Please repeat exactly the lines below from the line with "Mazgājams durvju paklājs" to the line with "实,左脚提起跟上半步。同时,右臂内旋,手掌在裆前,手心向东 南,指尖向下。左手心向下,手向右推提至右肘前。眼向东北平视 (图", including both, and leave out every picture.

━━ SUPPLIED RECORDS

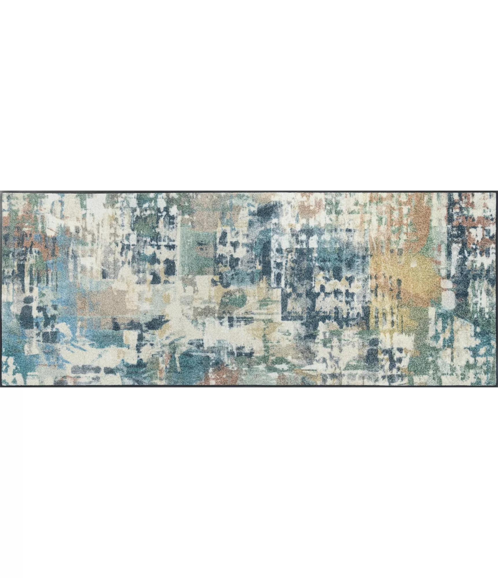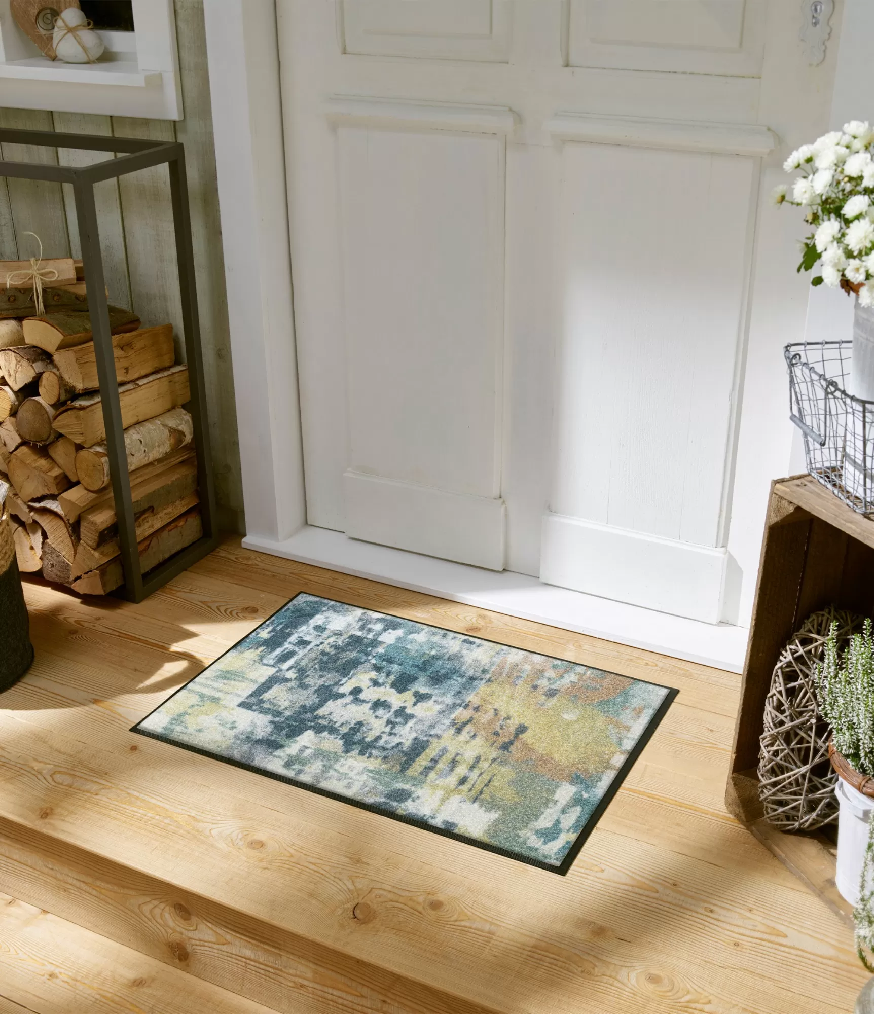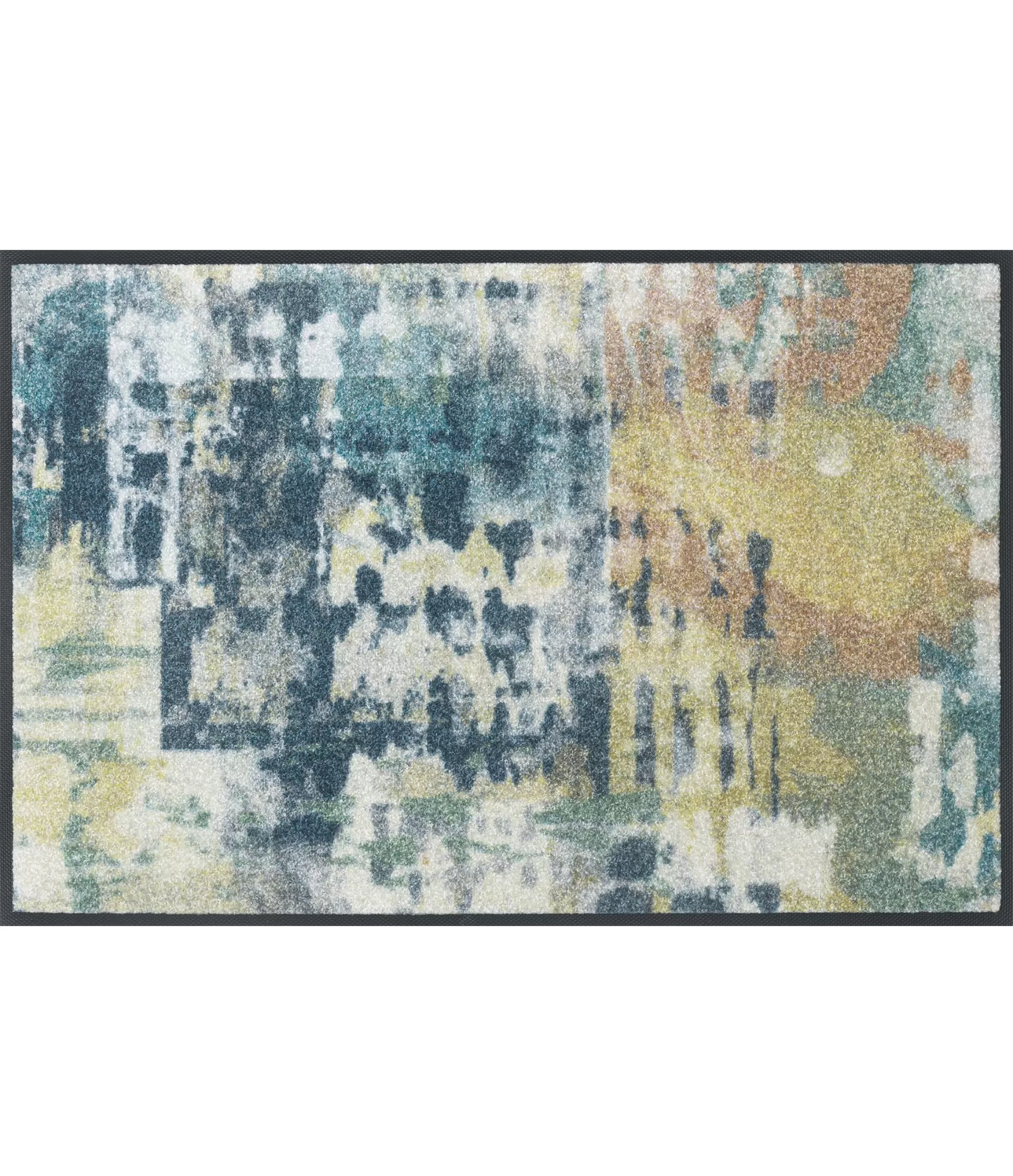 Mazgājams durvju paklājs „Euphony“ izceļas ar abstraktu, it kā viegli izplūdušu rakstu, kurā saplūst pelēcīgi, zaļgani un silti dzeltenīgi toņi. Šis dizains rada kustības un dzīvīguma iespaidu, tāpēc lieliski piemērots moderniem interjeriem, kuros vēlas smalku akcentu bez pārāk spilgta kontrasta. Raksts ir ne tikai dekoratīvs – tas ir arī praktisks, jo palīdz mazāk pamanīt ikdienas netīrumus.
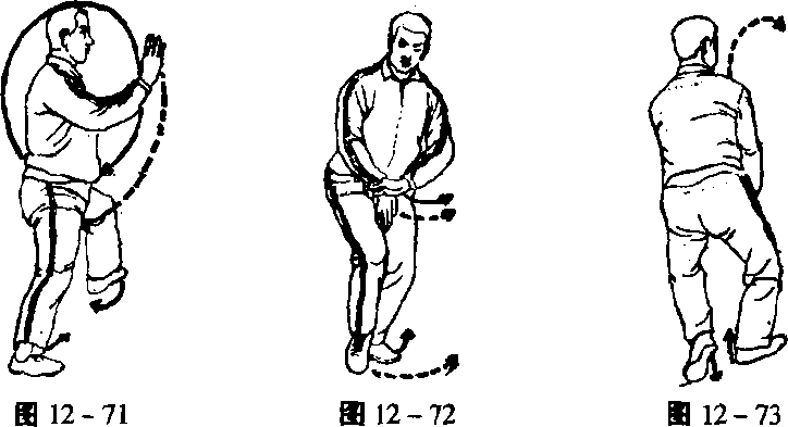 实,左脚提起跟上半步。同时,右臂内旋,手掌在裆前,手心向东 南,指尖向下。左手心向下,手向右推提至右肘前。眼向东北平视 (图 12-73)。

━━━━
━━ SUPPLIED RECORDS

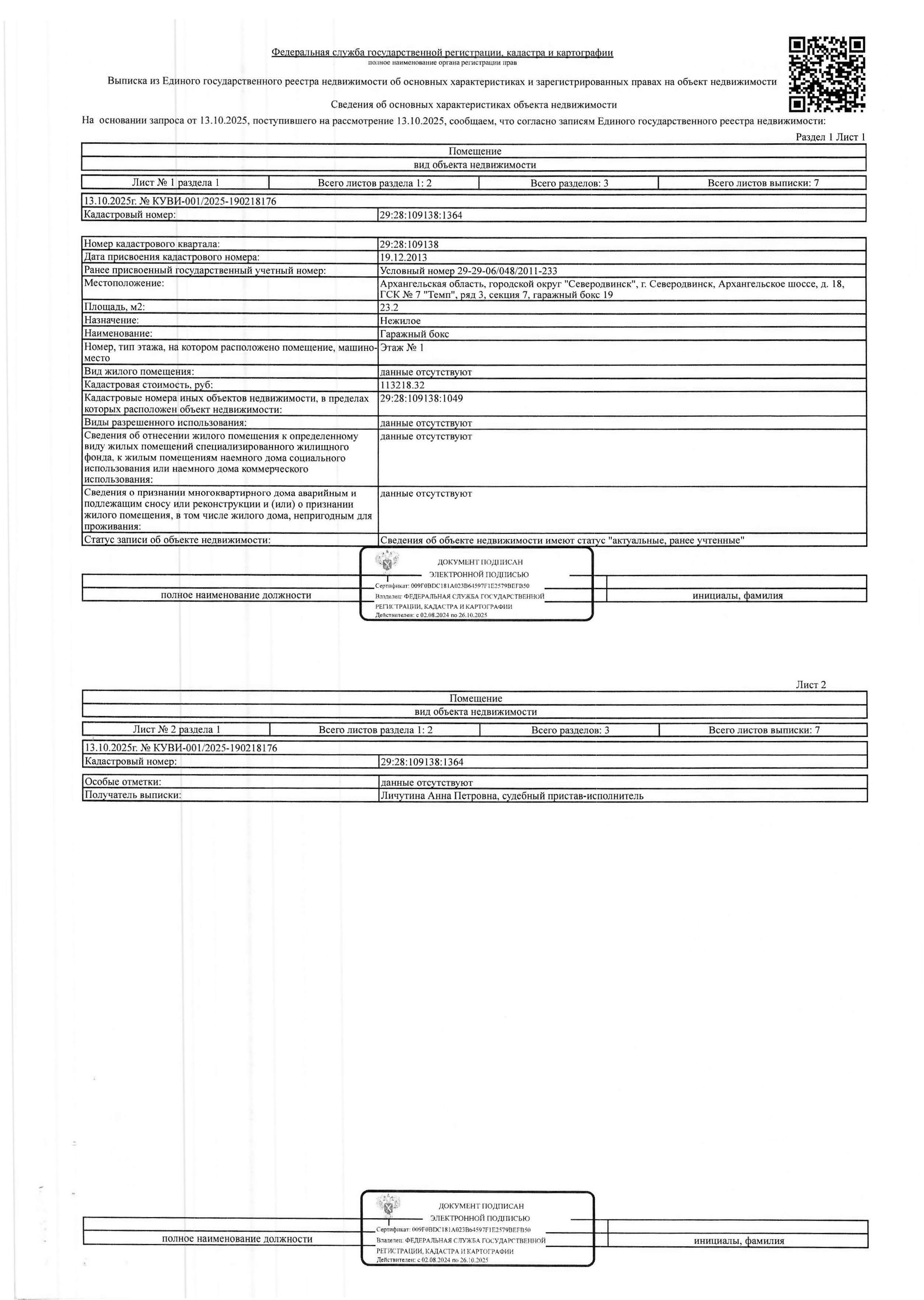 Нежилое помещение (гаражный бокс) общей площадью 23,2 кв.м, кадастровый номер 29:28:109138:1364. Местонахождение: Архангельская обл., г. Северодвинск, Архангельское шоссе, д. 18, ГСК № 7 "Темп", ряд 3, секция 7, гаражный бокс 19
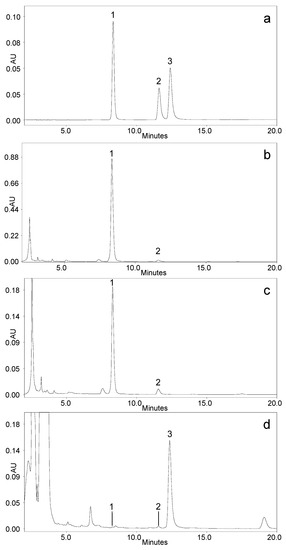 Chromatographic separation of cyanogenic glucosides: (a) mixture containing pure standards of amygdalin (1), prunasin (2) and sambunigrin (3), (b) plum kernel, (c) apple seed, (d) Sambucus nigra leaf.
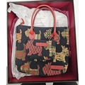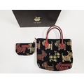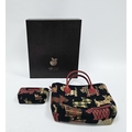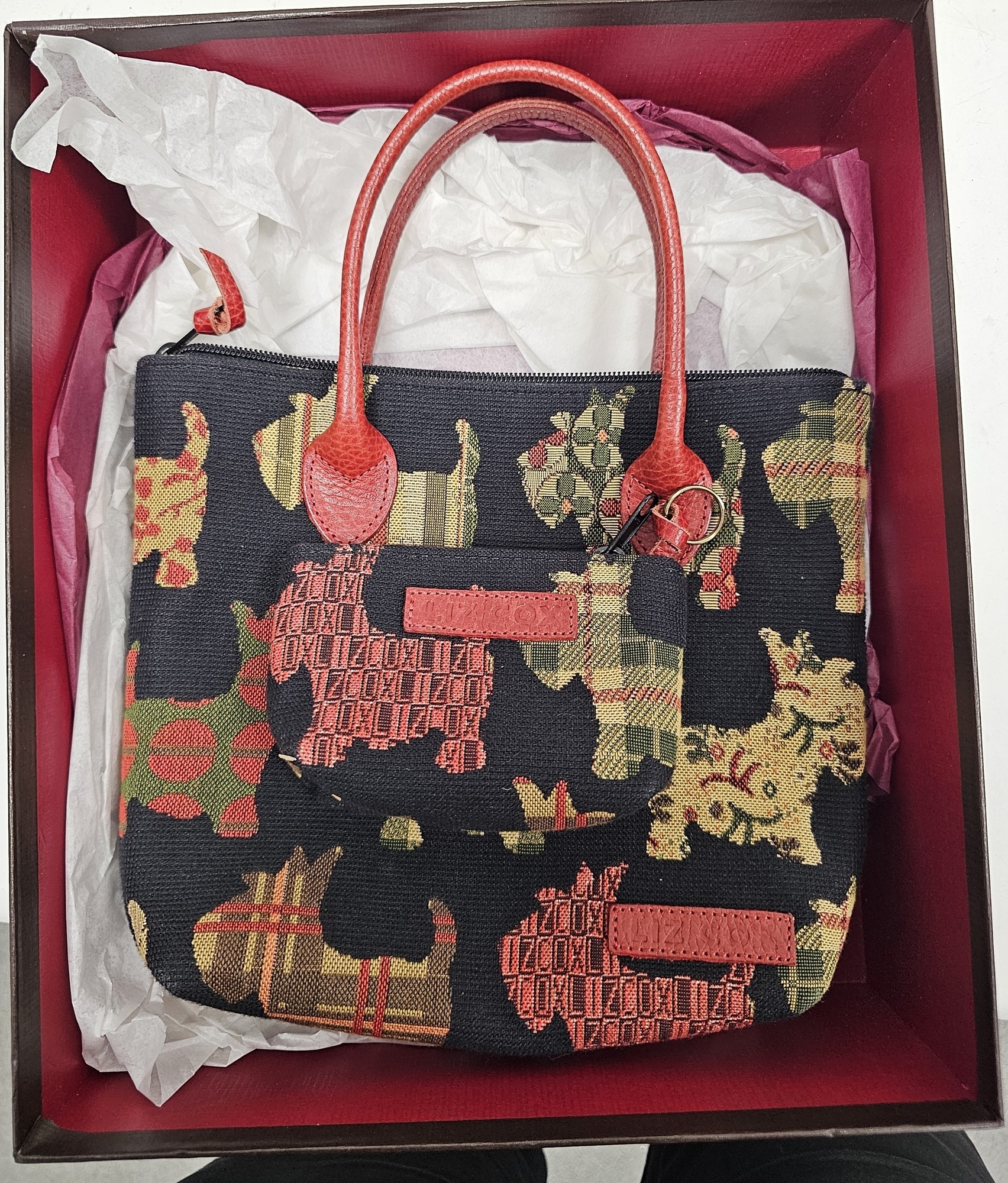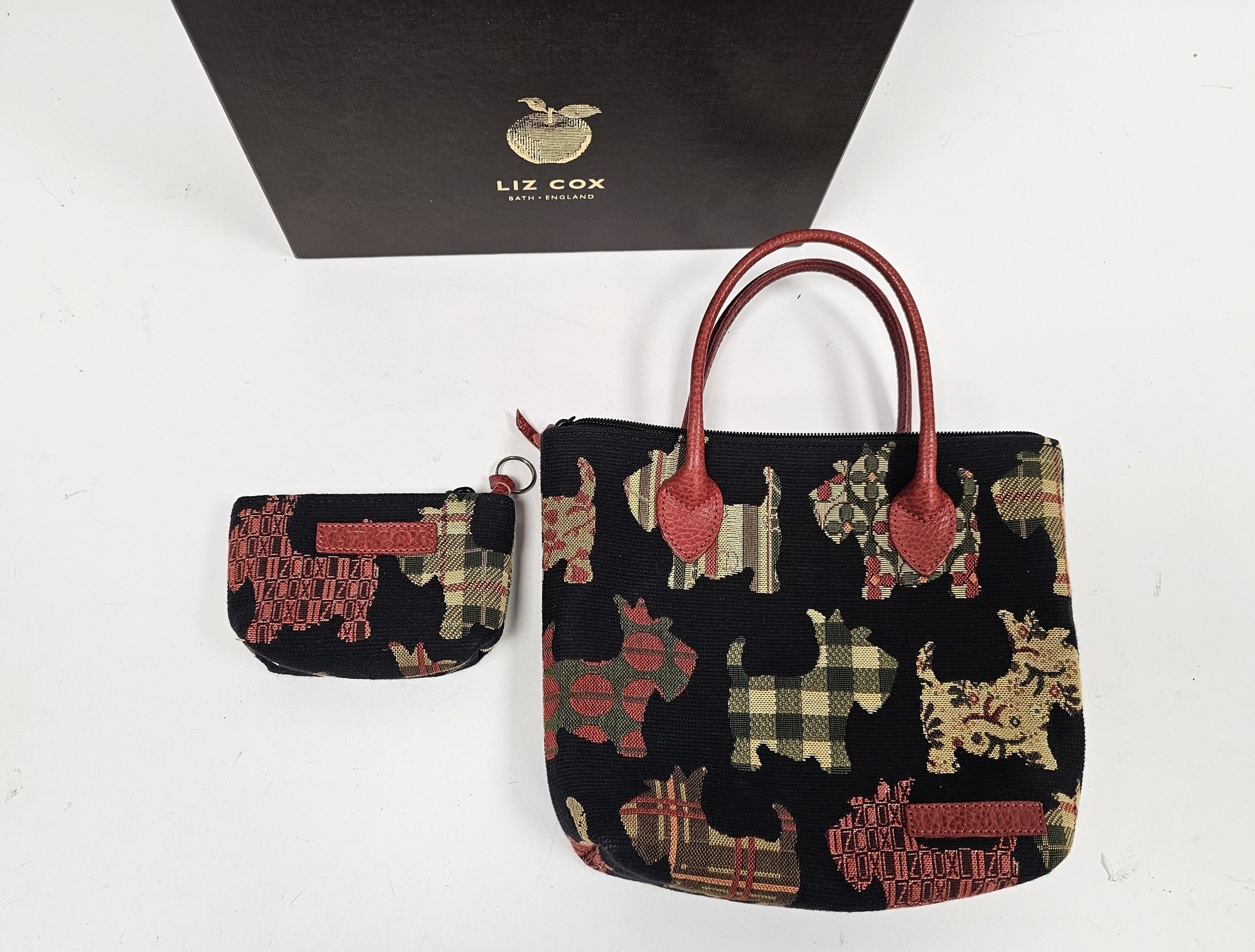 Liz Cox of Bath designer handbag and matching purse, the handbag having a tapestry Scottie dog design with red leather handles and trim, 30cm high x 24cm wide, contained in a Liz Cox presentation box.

━━━━
━━ SUPPLIED RECORDS

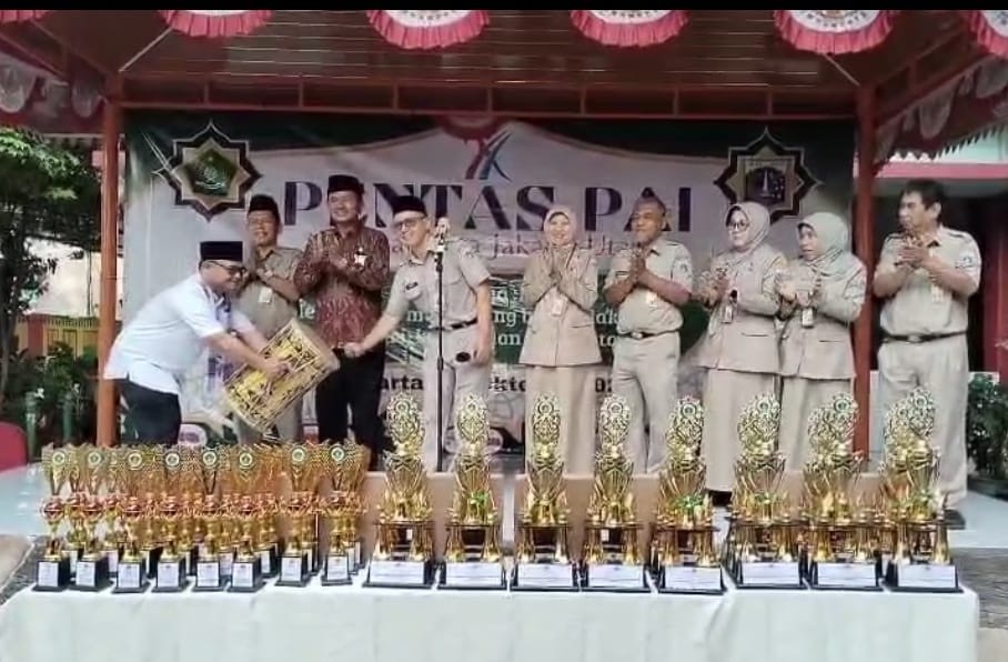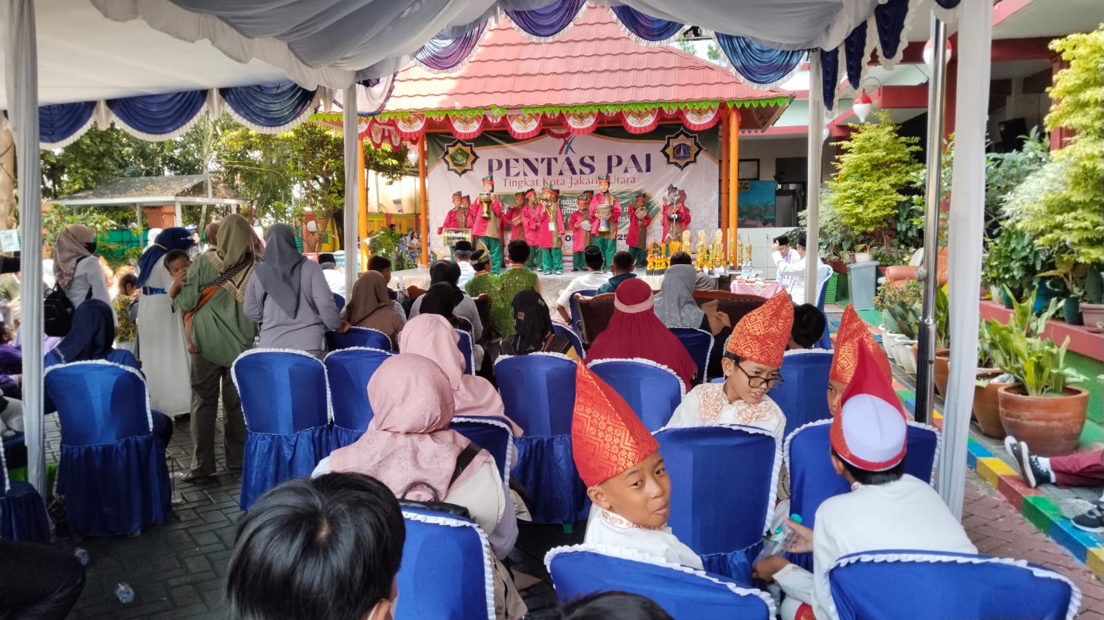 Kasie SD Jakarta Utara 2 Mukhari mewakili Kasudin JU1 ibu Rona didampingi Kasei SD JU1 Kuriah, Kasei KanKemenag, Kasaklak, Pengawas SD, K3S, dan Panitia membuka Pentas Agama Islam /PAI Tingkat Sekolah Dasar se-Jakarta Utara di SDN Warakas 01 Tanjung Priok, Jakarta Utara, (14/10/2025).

━━━━

§ RESPONSE
 Mazgājams durvju paklājs „Euphony“ izceļas ar abstraktu, it kā viegli izplūdušu rakstu, kurā saplūst pelēcīgi, zaļgani un silti dzeltenīgi toņi. Šis dizains rada kustības un dzīvīguma iespaidu, tāpēc lieliski piemērots moderniem interjeriem, kuros vēlas smalku akcentu bez pārāk spilgta kontrasta. Raksts ir ne tikai dekoratīvs – tas ir arī praktisks, jo palīdz mazāk pamanīt ikdienas netīrumus.
 实,左脚提起跟上半步。同时,右臂内旋,手掌在裆前,手心向东 南,指尖向下。左手心向下,手向右推提至右肘前。眼向东北平视 (图 12-73)。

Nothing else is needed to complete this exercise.